Recentemente è stato pubblicato, sulla prestigiosa rivista Science of Total Environment (ed. Elsevier), un articolo scientifico dal titolo Environmental DNA assessment of airborne plant and fungal seasonal diversity, frutto della oramai consolidata collaborazione tra l’Università degli Studi di Trieste, alcune Arpa partecipanti alla rete POLLnet del Sistema Nazionale per la Protezione dell’Ambiente (SNPA), tra cui Arpa FVG, e l’Istituto Nazionale di Biologia sloveno.
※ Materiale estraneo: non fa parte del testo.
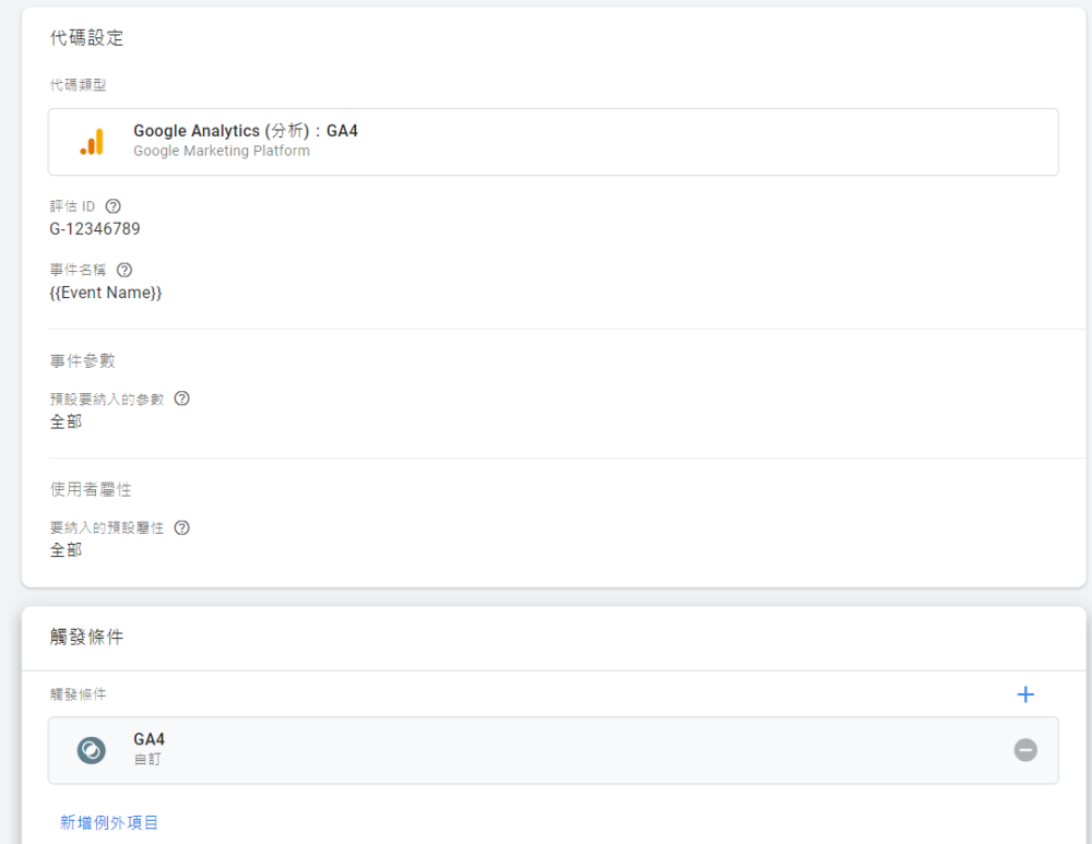 觸發條件本次範例選擇自訂,當然需要依照你前面代碼設定的事件做變動,不過基本上「自訂」,能幫我們處理絕大多數的情況了。
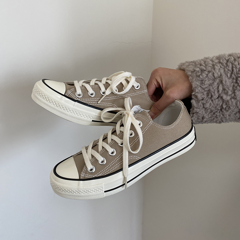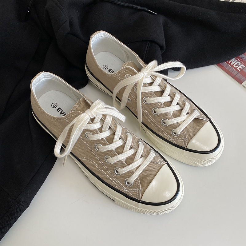 低帮设计,拉长腿部线条。简约的款式,时尚又百搭。帆布鞋底,穿着舒适透气。

L’approccio di studio, basato su una tecnica innovativa, consiste nella ricerca di pollini attraverso l’analisi del DNA presente in campioni d’aria. Tale metodologia, pur essendo ancora in una fase di sperimentazione, ha già dimostrato affidabilità e sensibilità tali da poter integrare in futuro il monitoraggio tradizionale mediante microscopio ottico.
Questo studio, in particolare, ha avuto l’obiettivo di individuare la varietà e la stagionalità di pollini e spore fungine aereodispersi e rilevati in campioni di aria di cinque postazioni, situate in Valle d’Aosta, Veneto, Friuli Venezia Giulia, Marche e Umbria, nell’arco di nove mesi.
I generi risultati più abbondanti in tutti i siti e le stagioni sono quelli di alcune muffe (Cladosporium, Alternaria ed Epicoccum) e, tra le piante, di Brassica (comprende la colza ed il cavolo), nocciolo, cipresso e lino. Lo studio ha dimostrato che la variabilità delle piante presenti nell’aria ambiente è soprattutto stagionale, mentre quella dei funghi è legata sia alla stagionalità che all’ubicazione dei siti di campionamento.
L’analisi biomolecolare, essendo circa 10 volte più sensibile rispetto al riconoscimento morfologico effettuato nei monitoraggi di routine, ha fornito informazioni circa la modalità di dispersione dei pollini e delle spore nell’aria e la presenza di specie aliene o patogene e si è dimostrata complementare alle attività di biomonitoraggio tradizionali e alle valutazioni della qualità dell’aria svolte regolarmente dalle Arpa.